🤖 AI Summary
This work addresses key limitations of existing audio editing models—namely, insufficient expressiveness, limited iterative controllability, and weak zero-shot text-to-speech (TTS) capability. We propose the first open-source, end-to-end audio editing system built upon a large language model (LLM) architecture. Methodologically, we abandon conventional embedding priors and auxiliary modules, instead introducing a novel learning paradigm that relies solely on large-margin synthetic data.
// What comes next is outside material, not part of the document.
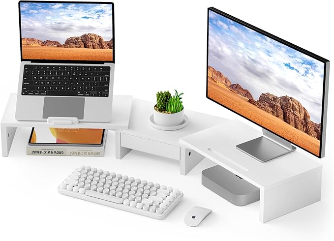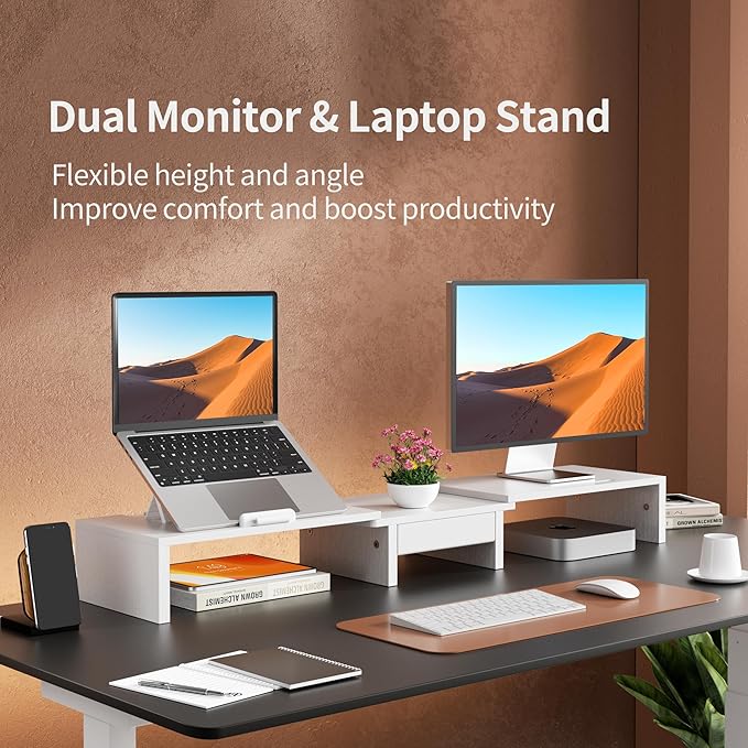 Dual Monitor Stand Riser - Computer Monitor Stand for 2 Monitors,Office Desktop Organizer,Adjustable Length and Angle 3 Shelf with Storage Drawer Phone Holder for Monitors and Laptops-White

This enables fine-grained, multi-turn control over cross-speaker emotional prosody, intonation, and paralinguistic features—including pauses, stress, and vocal attitude—without explicit representation disentanglement. As a result, speech expressiveness and generalization are significantly enhanced. Experiments demonstrate substantial improvements over MiniMax-2.6-hd and Doubao-Seed-TTS-2.0 on emotion editing and paralinguistic control tasks, while also achieving strong zero-shot TTS performance. Our approach establishes a new paradigm for controllable speech generation.
📝 Abstract
We present Step-Audio-EditX, the first open-source LLM-based audio model excelling at expressive and iterative audio editing encompassing emotion, speaking style, and paralinguistics alongside robust zero-shot text-to-speech (TTS) capabilities.Our core innovation lies in leveraging only large-margin synthetic data, which circumvents the need for embedding-based priors or auxiliary modules. This large-margin learning approach enables both iterative control and high expressivity across voices, and represents a fundamental pivot from the conventional focus on representation-level disentanglement. Evaluation results demonstrate that Step-Audio-EditX surpasses both MiniMax-2.6-hd and Doubao-Seed-TTS-2.0 in emotion editing and other fine-grained control tasks.